Data in the 1970/80’s was in ‘flat files’ written by COBOL programs. These were good for running operational applications but completely inaccessible when it came to ‘analysis’. Also each application had its own ‘Data’ in its own ‘files’. So in the 1990’s we moved all these disparate sources of inaccessible data files into huge monolithic ‘Data Warehouses’.
All data from the flat files was poured into structured formats into these Data Warehouses. All the enterprise data was now available ‘in one place’. Except that it was managed by the IT team, with very rigid rules and the sheer size and complexity meant that each time the business wanted any query, they had to wait in queue. Unfortunately, businesses do not run at the speed at which IT (in those days) could react and business domains started creating their own individual small Data Warehouses which were ‘Domain Specific’ called ‘Data Marts’.

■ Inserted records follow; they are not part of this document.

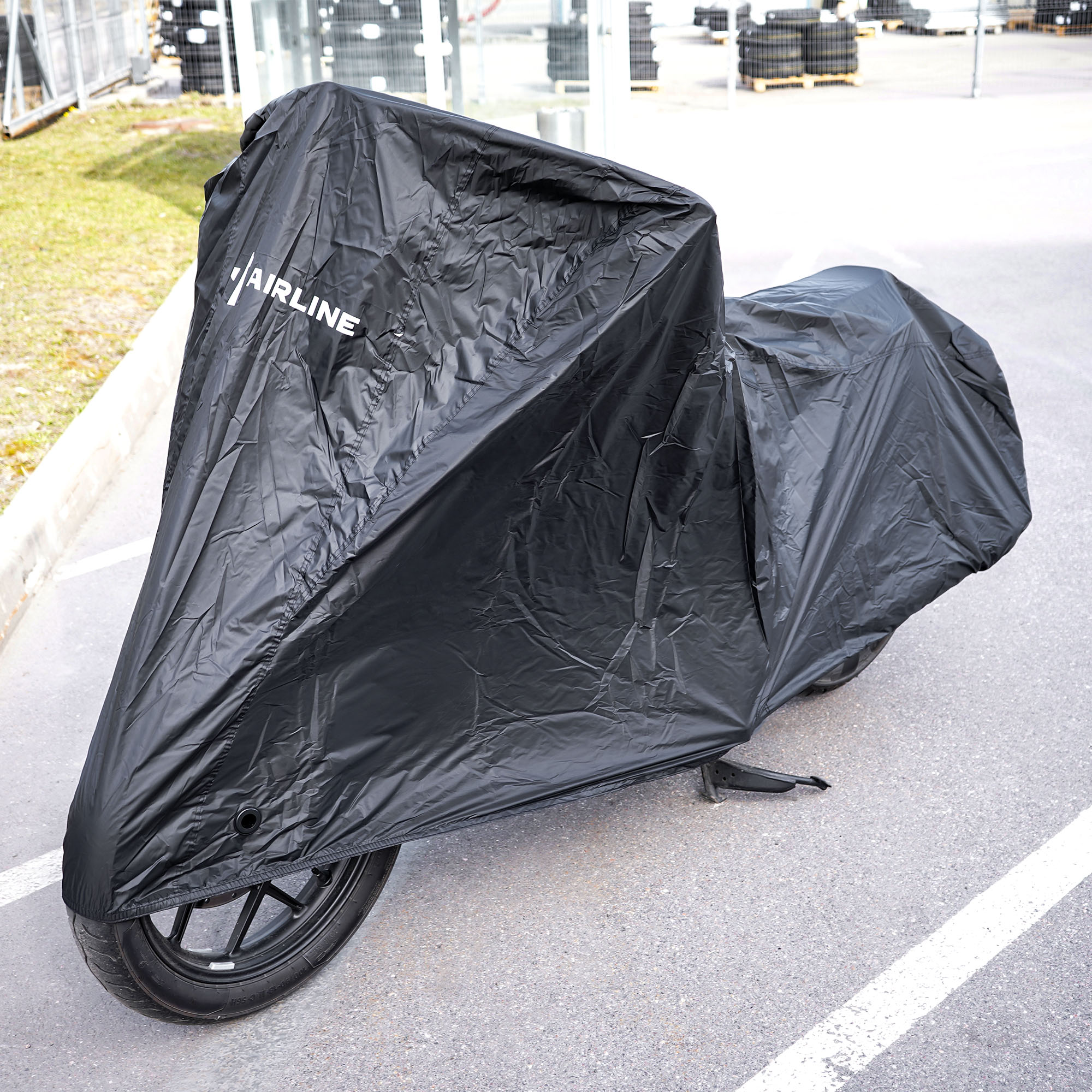 Защитный чехол-тент от компании AIRLINE разработан специально для мотоциклов. Данная модель защитного чехла имеет размер L и черную расцветку. Среди преимуществ чехла-тента многочисленные защитные свойства, которые помогают сохранить внешний вид транспортного средства и уберечь его от повреждений. В области переднего колеса сделаны специальные люверсы для крепления блокиратора-замка.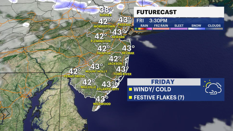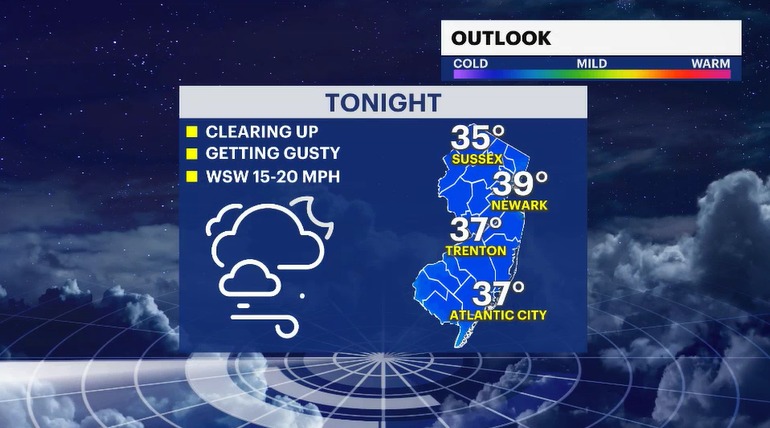 This will be part of the back end of a weather system that brought rain to the area yesterday and this morning. It was also responsible for the warm-up today. New Jersey climbed to 61 degrees, the warmest it's been since Nov. 10. This warm-up is short-lived. The winds will be changing direction, and much colder air from Canada is on the way.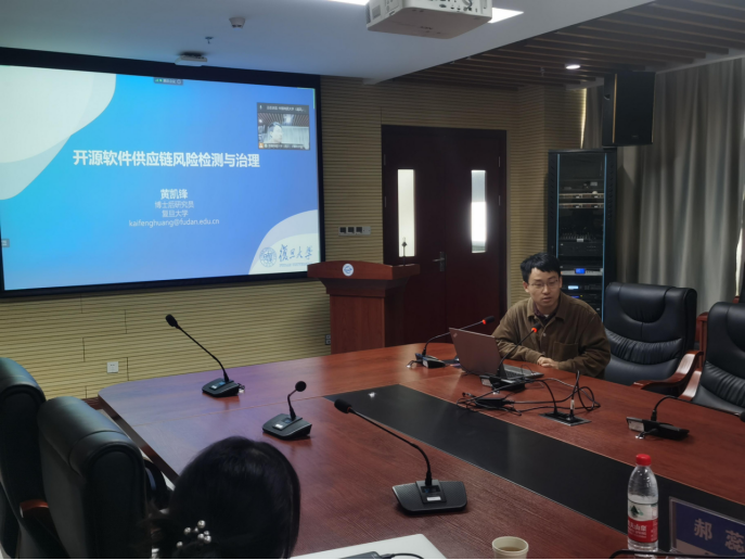 主旨报告后,复旦大学软件工程实验室黄凯锋博士后,武汉大学williamhill英国讲师甘庭,南京大学智能软件工程实验室郝蕊博士分别围绕开源软件供应链风险检测与治理、非线性Craig插值生成及其在程序不变式中应用、软件测试缺陷的理解与摘要进行演讲,探讨相关问题学术进展和成果。

These Data Marts were very efficient in serving the needs of the business domain like ‘Sales’, ‘Production’ or ‘Marketing’, but two big problems arose. One is that Enterprise Data started going out of sync. So a Customer name in the Sales Data Mart was now different from the Customer Name in Production and hence there was no way to get a unified view of the Customer, the Product, Sales or anything. So then people started putting complex rules of governance to define ‘Who is a Customer’ and ‘What is a Product’ to be followed by all individual ‘Domains’. But once again business will move at a higher speed than what rules can do to tie it down. The other problem was that while all the above was to do with ‘Structured Data’, it left out the fastest growing volume of new Data which was ‘Unstructured Data’. A Customer ID number with a Customer Name is structured Data. A tweet from a customer complaining about a product is unstructured data but one that just as critically important. So organizations needed to solve for both of the above problems.
Came the Data Lake. Into Data Lakes, just as in the Data Warehouses of old, all the Enterprise Data was poured in, both Structured and Unstructured giving one monolithic place where all the organizational data could be accessed.
We were back to where we started – a monolithic data repository managed by IT which could not be accessed by the business with the ease and speed required.
And by this time Cloud architecture was already there, with scalability and access to storage becoming a non issue. And that has brought us to the latest in this iteration with the Data Mesh architecture, where once again, just like the Data Marts of old, individual business domains are creating their own view of the Data. And thanks to the opportunities afforded by Cloud architecture, unlimited Storage and superfast Computing Speeds, a centralized governance infrastructure of rules surrounding who owns which Data and how to access Data across lines of ownership without having to go back to IT to make massive changes.
That is now a game changer bringing us back to the Balkanized view of data but with a common governance.
So coming up with the Data Architecture is the critical step for an organization that wants to be Digital Leader. We will not solve all the problems, but we will keep going back to the same place but with greater awareness.
What is the right Data Architecture for my organization that will enable me to harness the power of data completely to improve my Digital Maturity. That is the key question for everybody.